Research questions environmental safety of flame retardant
A study by VIMS graduate student researcher Mark La Guardia provides new evidence of the release and environmental accumulation of a common flame-retardant chemical. His findings come in light of a recent voluntary decision by the main U.S. manufacturer of two other closely related and widely used flame retardants to discontinue their production.
La Guardia is a graduate student under Professor Dr. Rob Hale in VIMS’ Department of Environmental and Aquatic Animal Health. Hale is a leading expert on the environmental fate and effects of polybrominated diphenyl ethers (PBDEs), a class of chemicals added to many household foam and plastic products to reduce their flammability.

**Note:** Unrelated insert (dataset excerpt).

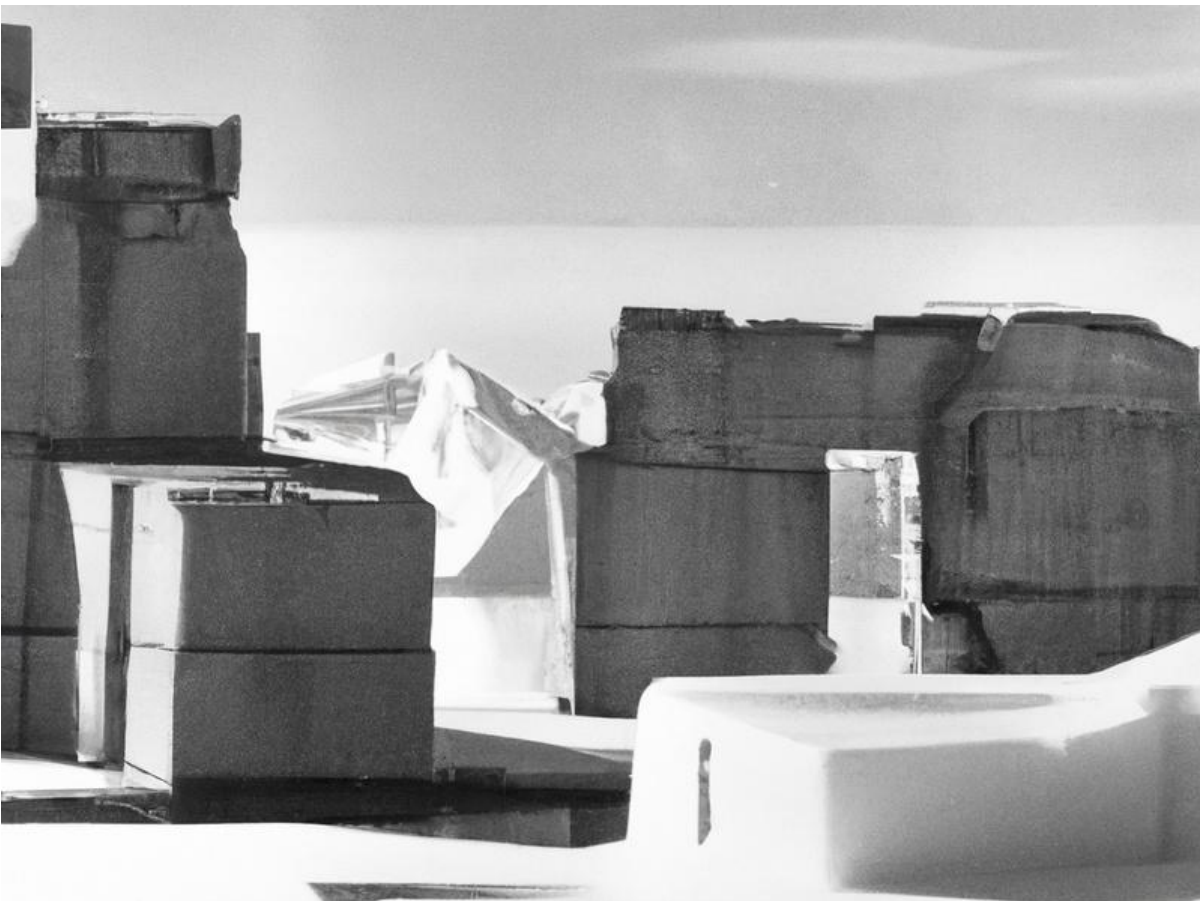
Aus recht massiven Blöcken erstellte Baureste

The Great Lakes Chemical Corporation will stop making the PBDE flame retardants known as Penta and Octa by December 2004, based on growing evidence that the chemicals are toxic, persist in the environment, bioaccumulate, and that people are being exposed. Scientists at VIMS and elsewhere have detected rising levels of these compounds in fish, sewage sludge, and human breast milk.
La Guardia’s research deals with the third member of the PBDE family, known as Deca, which is the most widely used PBDE flame retardant in the world. Until recently, most researchers thought that Deca—unlike Penta and Octa—posed relatively little environmental risk.
That’s because they believed Deca was not in a form readily available to organisms, knew of no obvious pathways by which the compound could enter the environment, and because it was considered non-toxic.
But La Guardia’s findings add to a growing body of evidence that Deca is entering natural systems in large amounts and may breakdown to more toxic and bioaccumulative products. These products may impact normal development of the nervous system, which may, in turn, affect memory and learning in young animals, including humans.
In his study of a freshwater mid-Atlantic stream, La Guardia found extremely high concentrations of Deca, although the exact source of the compound remains unknown. He also found that the stream’s sunfish are taking up BDE-209, the main com- pound in Deca, and appear to be breaking it down into other, more hazardous PBDE compounds.
La Guardia notes that “Deca is in the environment, it’s in fish, and it may be breaking down into other PBDE compounds with suspected health risks.”
La Guardia presented his findings at the annual meeting of the Society of Toxicology and Environmental Chemistry (SETAC) in Austin, TX in early November.